(EXERCISE DATA begins)

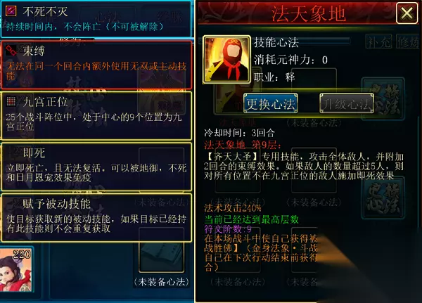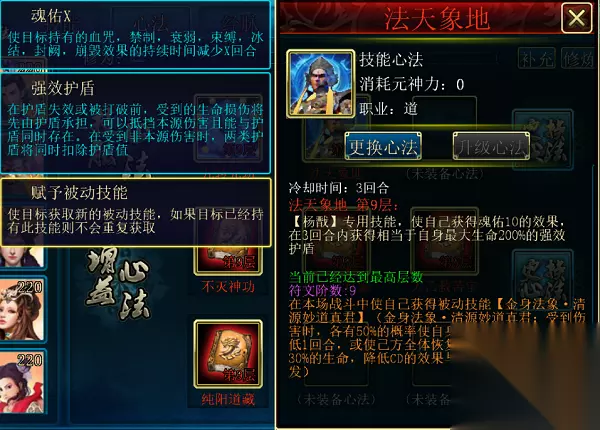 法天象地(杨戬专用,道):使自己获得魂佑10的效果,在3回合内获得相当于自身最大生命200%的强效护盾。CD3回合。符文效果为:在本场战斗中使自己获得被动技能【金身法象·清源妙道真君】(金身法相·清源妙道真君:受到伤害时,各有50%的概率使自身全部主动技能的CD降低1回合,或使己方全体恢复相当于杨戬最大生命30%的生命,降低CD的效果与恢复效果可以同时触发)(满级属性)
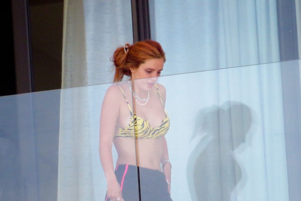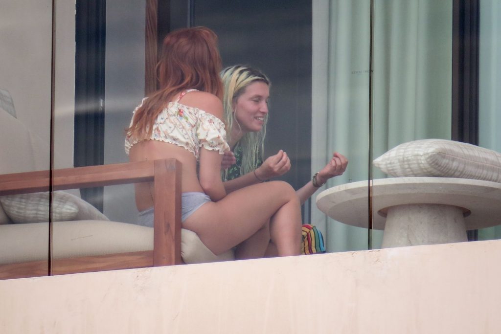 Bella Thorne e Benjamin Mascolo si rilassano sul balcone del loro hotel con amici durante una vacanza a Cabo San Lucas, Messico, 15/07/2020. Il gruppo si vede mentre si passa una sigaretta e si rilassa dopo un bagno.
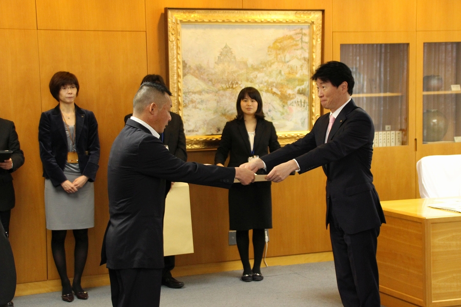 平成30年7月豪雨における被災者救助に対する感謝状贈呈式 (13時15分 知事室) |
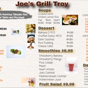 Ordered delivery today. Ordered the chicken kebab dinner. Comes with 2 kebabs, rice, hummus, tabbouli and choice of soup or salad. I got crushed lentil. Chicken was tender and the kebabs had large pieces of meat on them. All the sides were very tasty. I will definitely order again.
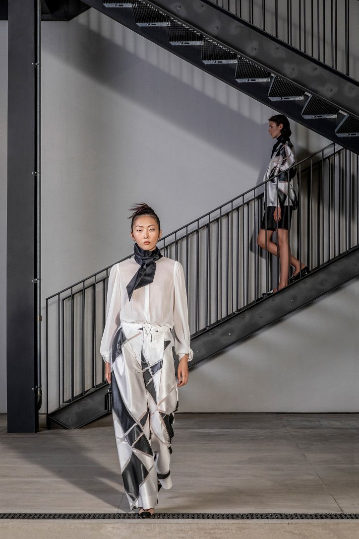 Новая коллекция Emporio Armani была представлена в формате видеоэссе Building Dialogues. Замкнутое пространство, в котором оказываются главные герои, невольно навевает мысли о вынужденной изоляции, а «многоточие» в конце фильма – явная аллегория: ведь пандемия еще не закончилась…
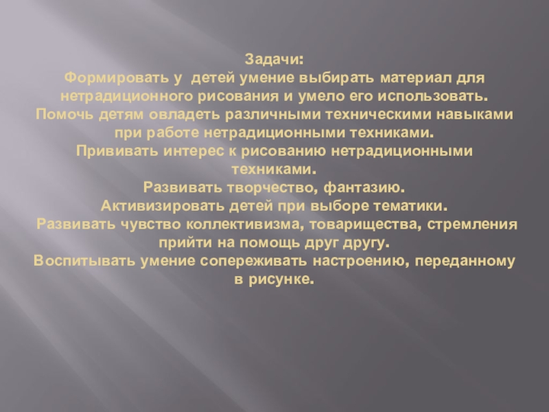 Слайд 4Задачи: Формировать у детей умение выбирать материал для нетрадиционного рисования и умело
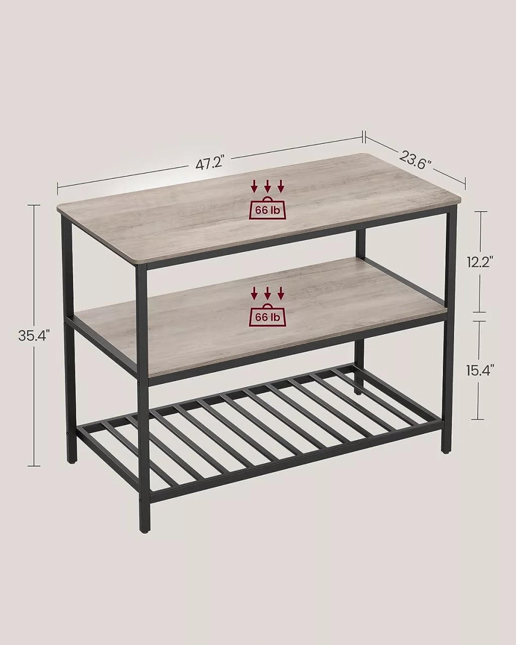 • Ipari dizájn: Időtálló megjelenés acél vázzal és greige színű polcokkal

(EXERCISE DATA ends)

# PROBLEM DESCRIPTION
Return every entry above exactly. Pictures stay out.

# RESULT FOR THIS EXERCISE
 法天象地(杨戬专用,道):使自己获得魂佑10的效果,在3回合内获得相当于自身最大生命200%的强效护盾。CD3回合。符文效果为:在本场战斗中使自己获得被动技能【金身法象·清源妙道真君】(金身法相·清源妙道真君:受到伤害时,各有50%的概率使自身全部主动技能的CD降低1回合,或使己方全体恢复相当于杨戬最大生命30%的生命,降低CD的效果与恢复效果可以同时触发)(满级属性)
 Bella Thorne e Benjamin Mascolo si rilassano sul balcone del loro hotel con amici durante una vacanza a Cabo San Lucas, Messico, 15/07/2020. Il gruppo si vede mentre si passa una sigaretta e si rilassa dopo un bagno.
 平成30年7月豪雨における被災者救助に対する感謝状贈呈式 (13時15分 知事室) |
 Ordered delivery today. Ordered the chicken kebab dinner. Comes with 2 kebabs, rice, hummus, tabbouli and choice of soup or salad. I got crushed lentil. Chicken was tender and the kebabs had large pieces of meat on them. All the sides were very tasty. I will definitely order again.
 Новая коллекция Emporio Armani была представлена в формате видеоэссе Building Dialogues. Замкнутое пространство, в котором оказываются главные герои, невольно навевает мысли о вынужденной изоляции, а «многоточие» в конце фильма – явная аллегория: ведь пандемия еще не закончилась…
 Слайд 4Задачи: Формировать у детей умение выбирать материал для нетрадиционного рисования и умело
 • Ipari dizájn: Időtálló megjelenés acél vázzal és greige színű polcokkal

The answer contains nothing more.